| HN Mirror

Y	Hacker News new \| ask \| show \| jobs

by wodenokoto 1870 days ago

The article goes as far as to say that a parser is not the right tool.

> Not only can the task be solved with a regular expression - regular expressions are basically the only practical way to solve the problem. Which is why none of the clever answers actually suggest another way to solve the problem.

So no, the author is not missing the point at all.

2 comments

goto11 1869 days ago

The point is that a parser could very well use regexes under the hood to perform the tokenization. Because it is the right tool for the job. A language without regex-support might use something like lex to compile a lexer. Of course you can write a character-by-character lexer by hand, but this is just equivalent to what a regex would generate.

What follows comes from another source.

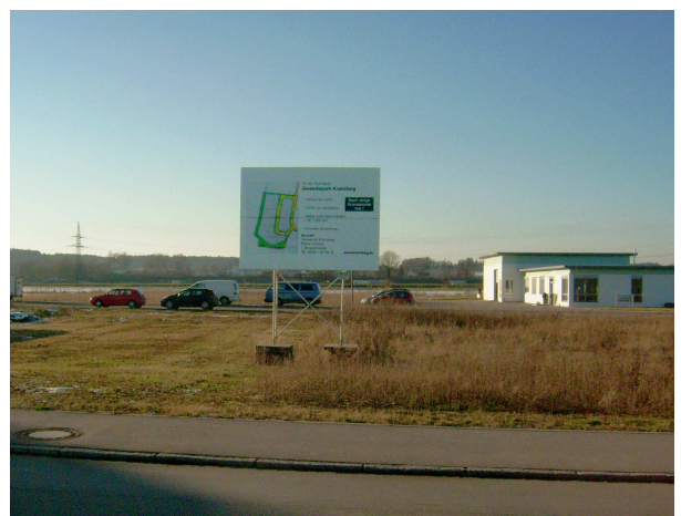
Foto des Gewerbegebiets

Die Gemeinde hat keine speziellen Prioritäten für Neuansiedlungen in diesem Gewerbegebiet, Unternehmer aller Branchen sind willkommen.

So saying "this is not possible, use a parser instead" is completely misunderstanding the relationship between lexing and parsing. I wonder how these people think a parser works?

link

IshKebab 1869 days ago

I mean that bit is clearly wrong. An XML/HTML parser is a perfectly practical way to solve the problem.

However I completely agree that they didn't miss the point. A regex to do this might be fine for hacky things that you don't need to be robust (e.g. for searching for stuff, measuring stats, one-off scripts etc.).

link

goto11 1869 days ago

Regular expressions can be as robust as you need them to be, just like any other kind of code. They are a DSL to create lexers, and they are exactly as robust (or hacky) as if you wrote the same lexer by hand.

link

IshKebab 1869 days ago

C code can be as robust as you need it to be. So why bother with formal verification, safe C coding standards, Rust, etc?

The answer is that it can be robust, but the effort required to do that is so large that in practice it usually isn't.

link

goto11 1869 days ago

Are you arguing that the effort required to make a regex robust and correct is larger than the effort required to make some hand-rolled character-by-character based lexer robust and correct?

Because that sounds counter-intuitive to me. A regex is a higher level DSL for lexing.

link

IshKebab 1868 days ago

That's exactly what I'm arguing. Especially because it's very unlikely that you'd write an XML/HTML parser yourself instead of using somebody else's well-tested library.

link

goto11 1868 days ago

OK but these are two separate question.

Of course you should use an existing library if it solves the exact problem you have. Don't waste time re-implementing the wheel unless you are doing if for educational purposes. Whether such a library used regexes or not under the hood would be irrelevant as long as it works and it well tested.

But I would certainly like to hear an argument why you think a regex is less robust that a similar manual character-by-character matcher.

link